■ **Task to carry out**
Repeat all the lines below exactly, but omit the pictures.

■ **Dataset excerpt**

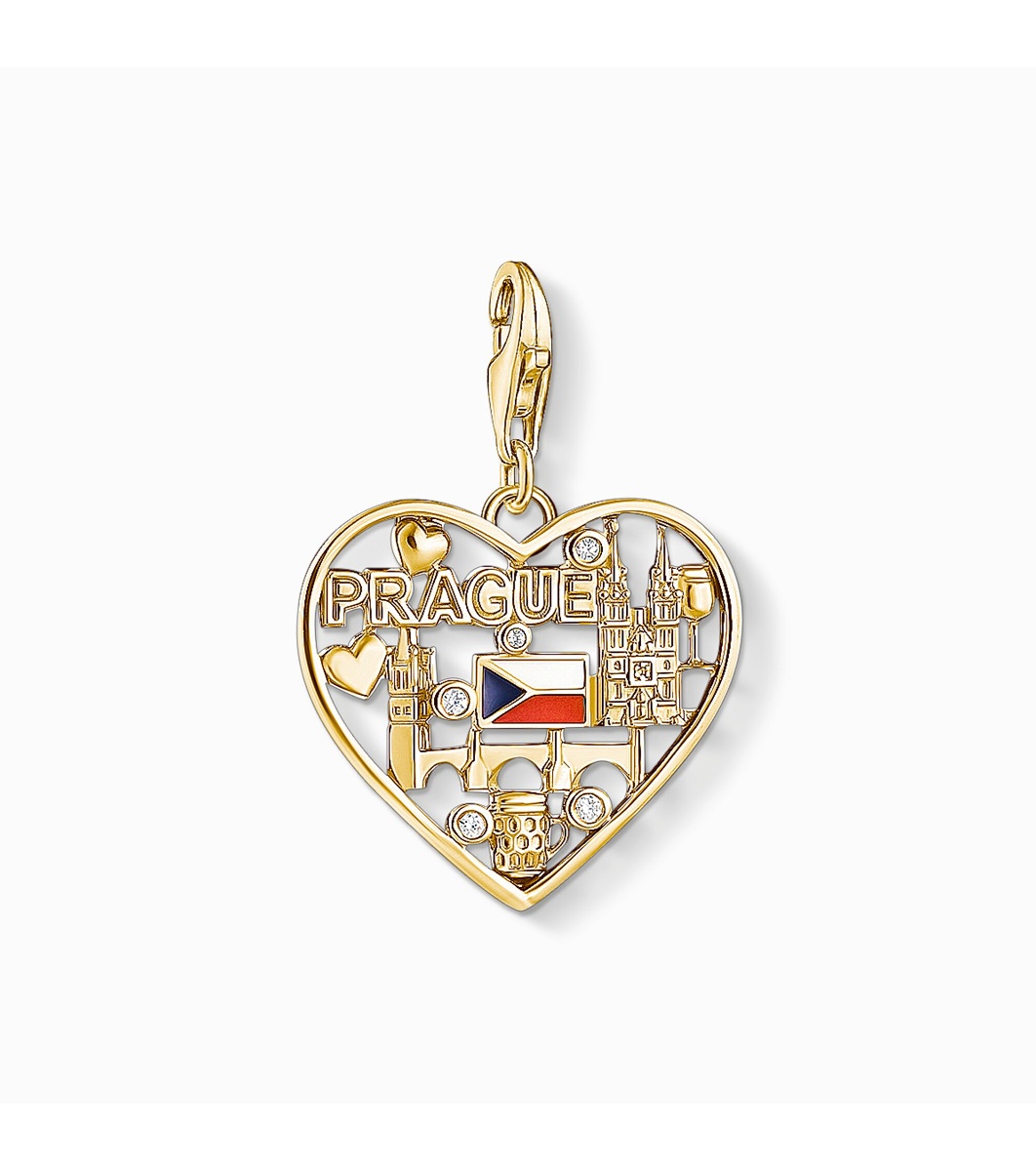 Pandantiv în formă de inimă cu detalii legate de Praga. Include motive cu repere celebre și mici elemente decorative. Închizătoarea este de tip „mousqueton”.
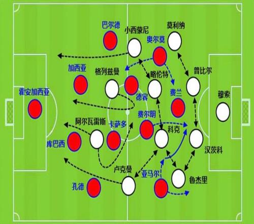 馬競(jìng)做得最好的一點(diǎn),就是通過(guò)后場(chǎng)直接長(zhǎng)傳找邊路,打出兩翼齊飛后增加肋部的前插,弗里克會(huì)要求巴薩球員快速擠壓向一側(cè),但馬競(jìng)又會(huì)轉(zhuǎn)移球打另外一側(cè),兩邊都能起速,最終就把巴薩的防線撕碎了。
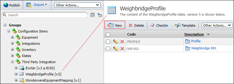 - In Reference Edit, click on Groups | Configuration Items | Third Party Integration | WeighbridgeProfile.

■ **Response area**
 Pandantiv în formă de inimă cu detalii legate de Praga. Include motive cu repere celebre și mici elemente decorative. Închizătoarea este de tip „mousqueton”.
 馬競(jìng)做得最好的一點(diǎn),就是通過(guò)后場(chǎng)直接長(zhǎng)傳找邊路,打出兩翼齊飛后增加肋部的前插,弗里克會(huì)要求巴薩球員快速擠壓向一側(cè),但馬競(jìng)又會(huì)轉(zhuǎn)移球打另外一側(cè),兩邊都能起速,最終就把巴薩的防線撕碎了。
 - In Reference Edit, click on Groups | Configuration Items | Third Party Integration | WeighbridgeProfile.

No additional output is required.